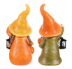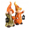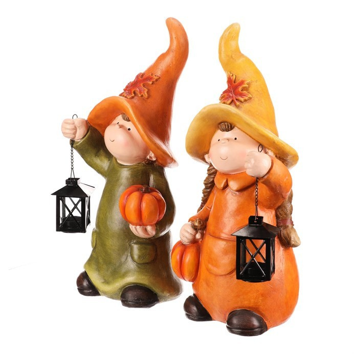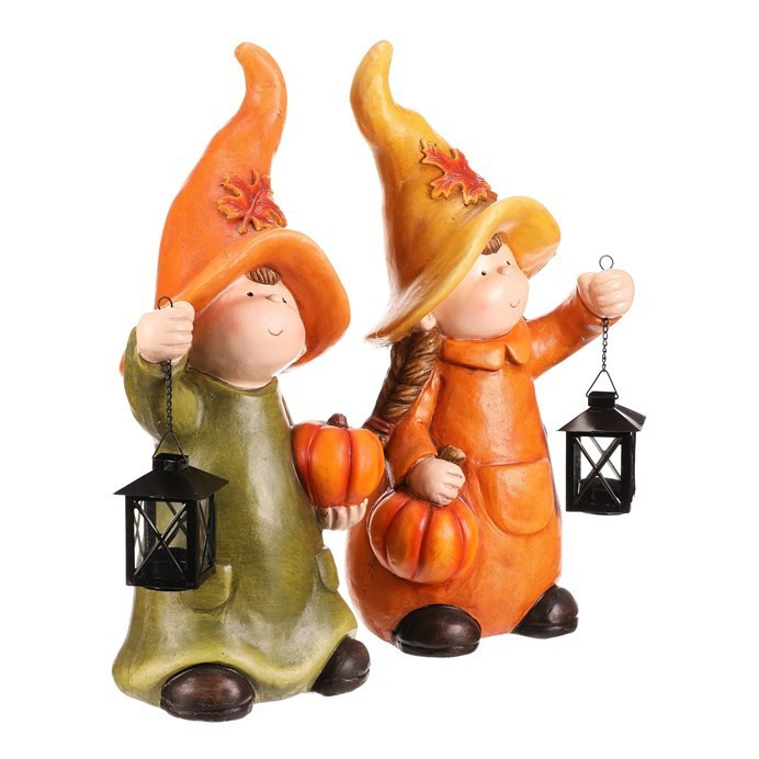 Figurky dětí z magnesia, které drží v rukou lucernu na vložení svíčky, budou roztomilým oživením vaší zahrady, terasy či balkonu. Jsou k dostání ve dvou podobách, přičemž obě jsou barevně laděné do podzimních barev. Tento nádech umocňují dýně, které drží v ručičkách a špičaté čepičky, které jsou ozdobené barevným listem.
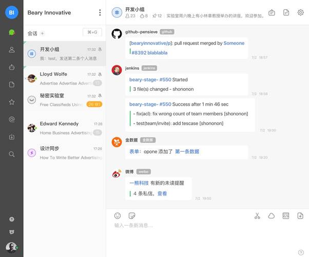 如何降低运营成本,最大程度的节省资源,提升效率,是现代企业面临的重大挑战之一。企业级消息处理平台倍洽(BearyChat)的出现为这个问题提供了一个可行的解决方案,其提倡的 ChatOps 理念不仅可以通过智能聊天机器人帮助企业节省大量的人力成本,更为团队成员提供了一种新的工作沟通方式,在现代工作中,倍洽已成为不可替代的团队效率工具。 倍洽能够将不同场景工作下所需的各种工具、服务整合为统一的工作流,将技术研发、产品设计、市场运营、系统运维、销售客服等角色聚集在一个统一的平台中,再通过对他们日常工作信息的梳理汇总,在信息收集和信息分发上起到关键的串联作用,以此来帮助团队成员了解不同角色成员在进行的工作,减少沟通的繁琐环节,增加团队协作效率。
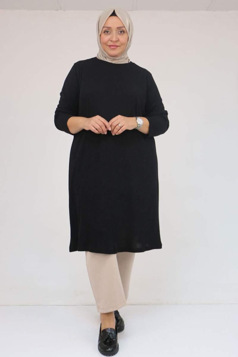 58140 Büyük Beden Basic Mir Tunik - Siyah
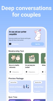 Deep Talks: Deep Questions is a couples questions app with meaningful question packs, icebreaker questions, and quizzes as conversation starters for couples. Our relationship app aims to assist you and your significant other in having stimulating and meaningful discussions.
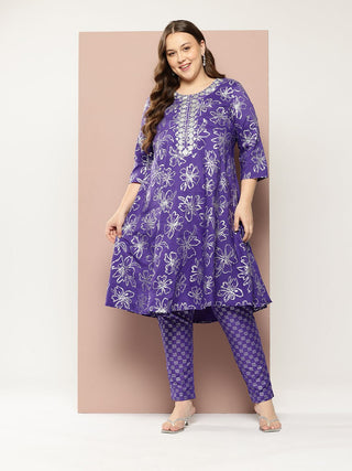 Sztori Plus Size Floral Printed Sequinned Pure Cotton A Line Kurta & Trousers With Dupatta
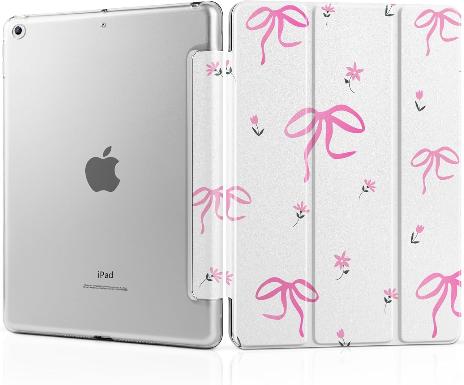 DONGKE Compatible with iPad 10.2 Inch Case 2021 2020 2019, Smart Lightweight Trifold Stand Hard Plastic Transparent Cover Support Auto Sleep/Wake for iPad 10.2" 9th/8th/7th Generation - Bear with Bows
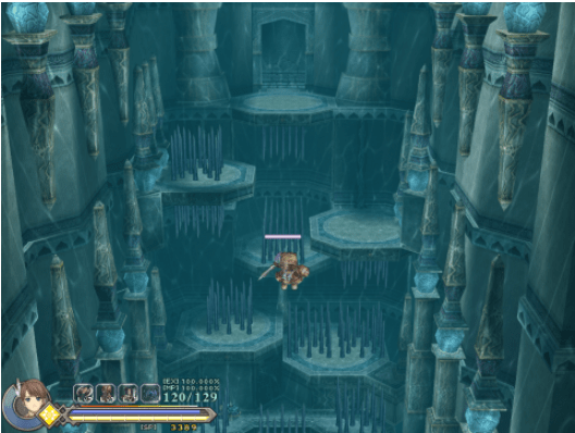 A perspectiva é de cima para baixo, mas não espere um “olho de pássaro” como em Ys1&2. Ao contrário das encarnações mais modernas das aventuras de Adol, a câmera é fixa, e dependendo da sala ou corredor se deslocará mais para trás ou laterais do personagem que para cima. Geralmente o ponto de vista é inclinado. Câmera fixa é uma excelente notícia para um game que possui elementos Plataforma 3D. Mas o plano isométrico significa que alguns trechos oferecerão dificuldade no cálculo da profundidade. Pode-se errar saltos, mas não há abismos na torre: não há morte ou dano por queda de grandes alturas. Em verdade, em pontos sem qualquer parapeito em que o personagem poderia cair de forma fatal o jogo sempre cria uma “barreira invisível”: o boneco 2D (os bonecos são 2D em ambientes tridimensionais, falarei mais disso na seção GRÁFICOS) não dá um passo além da plataforma em que está situado. Portanto, errar em pulos no máximo atrasará um pouco o jogador. Há até lugares em que cair parece ser ruim, mas quem decidir encarar a “armadilha” perceberá que encontrou uma sala com segredos ao invés. O elemento Plataforma não é muito mais rico que isso, representando uma parte minoritária da gameplay. O hack ‘n’ slash salpicado por elementos de RPG prevalece.
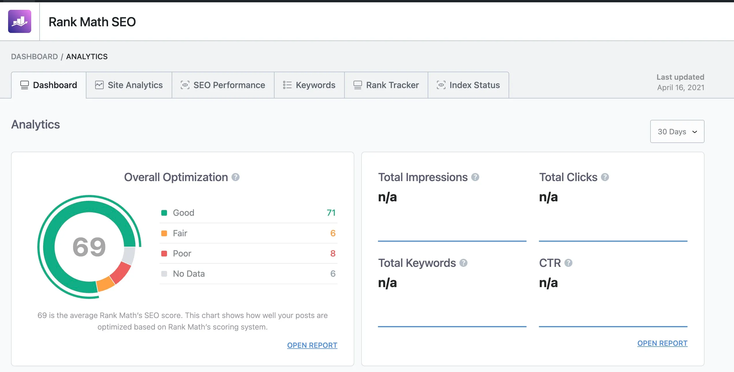 Multiple users have reported discrepancies between Rank Math’s analytics and the data shown directly in Google Search Console. Keyword counts occasionally show zero when they should not. I would treat the built in analytics as a convenience feature rather than a reporting tool.
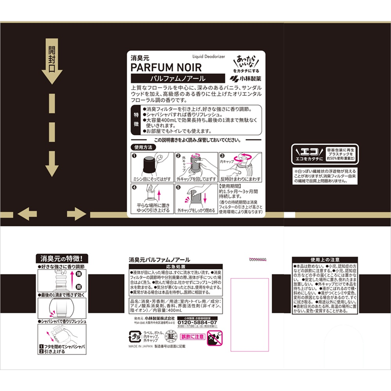 小林製薬 消臭元パルファムノアール 400mL 1パック(ご注文単位1パック)【直送品】
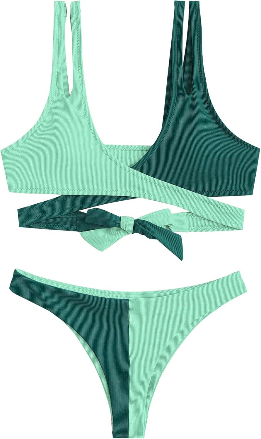 ZAFUL Two tone Colorblock Swimsuit for Women Sexy Wrap Swimwear Criss Cross Ribbed Bikini Set
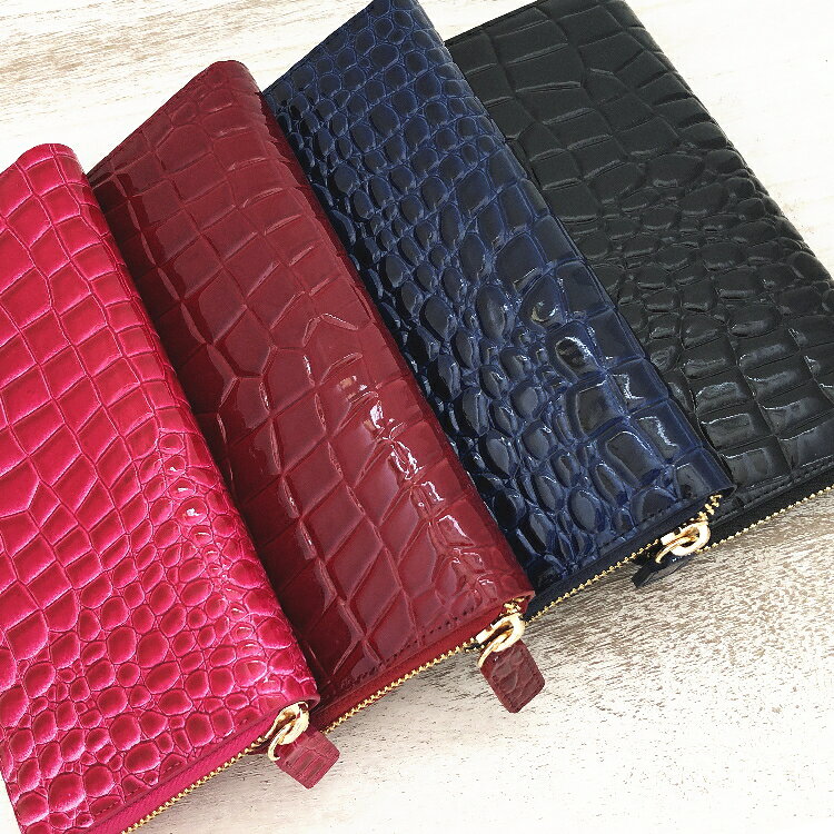 カード 8枚 小銭入れ×1 フリーポケッド×2 御札入れ×2 商品説明商品名本革 クロコ型押し エナメル 長財布 レディース 素材 本革 サイズ縦約10cm 横幅約19cm マチ約2.5cm 説明 財布の中身はスッキリ整理整頓とありたいものですよね!? 長財布で収納がありすぎると詰め込み過ぎて荷物は少ないのに財布が重〜い と、いうことがよくありませんか? そこでオススメなのが 一度使うとやめられないラウンドファスナーの長財布!! 本革エナメルにクロコの型押しで上品かつ高級感漂うデザイン! 傷がつきにくく汚れにくいので長く愛用していただけます。

※

Restate word for word the lines running from the one with "小林製薬 消臭元パルファムノアール 400mL 1パック(ご注文単位1パック)【直送品】" to the end of the entries; pictures are to be left out.

> [SOLUTION FOR THIS TASK]
 小林製薬 消臭元パルファムノアール 400mL 1パック(ご注文単位1パック)【直送品】
 ZAFUL Two tone Colorblock Swimsuit for Women Sexy Wrap Swimwear Criss Cross Ribbed Bikini Set
 カード 8枚 小銭入れ×1 フリーポケッド×2 御札入れ×2 商品説明商品名本革 クロコ型押し エナメル 長財布 レディース 素材 本革 サイズ縦約10cm 横幅約19cm マチ約2.5cm 説明 財布の中身はスッキリ整理整頓とありたいものですよね!? 長財布で収納がありすぎると詰め込み過ぎて荷物は少ないのに財布が重〜い と、いうことがよくありませんか? そこでオススメなのが 一度使うとやめられないラウンドファスナーの長財布!! 本革エナメルにクロコの型押しで上品かつ高級感漂うデザイン! 傷がつきにくく汚れにくいので長く愛用していただけます。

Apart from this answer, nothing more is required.